Today I can vouch for the hectoring behaviour of this body, backed up from my personal experience. I have a studio flat in Westminster, which I use when I have to vote after 10 pm in the Commons – or attend a working dinner in London – and then need to be up and out early the next morning for a breakfast meeting or the like. It is not a place I plan to spend my evenings in. I decided not to buy a TV partly because I deeply resent having to pay a poll tax to the BBC for the TV coverage of public issues they choose to put out, and have no intention of paying them two, one for home and one for the flat.I do not like the way they use so many voices who want higher taxes, more European government and more regulation for every problem.I also tire of the very large number of self advertisements on the BBC, when no-one else can buy the advertisement time.

When I moved in they sent me a letter reminding me of the need to take out a TV licence. I wrote back telling them I did not have a TV. For my pains I received another couple of standard letters telling me I needed a TV licence, and that inspectors might call unannounced to check up on me. I wrote back again complaining of the harassment. They replied saying they were sending me another standard letter, that inspectors would be calling unannounced, and they were sorry I was cross about it. They said they would be writing to me in a similar vein at least annually.

It is typical of this government and its state broadcasting corporation that the only thing they care about is extracting more money from the public, and they cannot believe that anyone could possibly live without their TV output. They clearly regard anyone who says they do not have a TV as a liar, and spend large sums on writing them endless letters and sending out inspectors. Their inspectors will, of course, be wasting their time in my case, as I am most unlikely to be in any time they call, unless I am to experience the knock at the door at 2 am, to confirm that I am living in a version of the Soviet Union circa 1960.

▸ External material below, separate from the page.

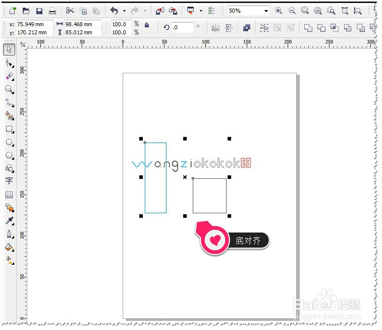 如果想让两个矩形,底边对齐怎么办呢?这个其它也很简单,在键盘中按B即可。B为底边对齐。如图
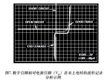 可以在相应位置上执行快速分析来评估器件是否受到过应力或可能遭受ESD事件。为了执行此分析,比较嫌疑器件和已知正常器件的引脚到引脚I/V结果,应使用波形记录器或类似设备。12位DAC的数字输入引脚(以VSS电源引脚为参考)上的一组典型短路、开路或ESD泄漏I/V迹线如图7所示。

We see the daily incompetence and waste of most branches of government, where letters go unanswered for months, where people have long waits to get on a waiting list for a hospital appointment, where many parents and pupils cannot get into the school of their choice, and where the roads are constantly disrupted by the authorities who are meant to look after them. It is galling to discover that the only thing they are persistent about is taking money off us. Life in a democracy requires civil exchanges between the government and the governed, and a framework of trust. Governments should assume honest conduct by citizens unless there is evidence to suppose otherwise, and should have a framework of sensible laws and requirements that most people most of the time respect and wish to follow. As soon as government becomes heavy handed and imposes too many laws – and too many laws that do not seem reasonable to the governed – there is more chance that more people will deliberately or inadvertently break them, and more likelihood that government will then intensify its snooping and heavy handed enforcement. Such a progress makes public life coarser, and creates a growing gap between government and governed. The UK now is suffering from rapacious government, seeking ever larger sums of revenue to feed the bureaucratic monster. It will in turn create an angrier electorate, resentful of how the money is spent and cross about the bullying techniques used to extract it.

The TV licensing website - with comments in 16 languages - tells us they spent over £130 million last year on collecting the revenue and enforcing the charge. They also claim that around 5% of the public with TVs do not bother to buy a licence. It is difficult to know how they work out such a figure, yet still fail to collect the money from them. In this multi media digital age the licence fee is looking increasingly out of date and expensive to collect. It is time for rethink.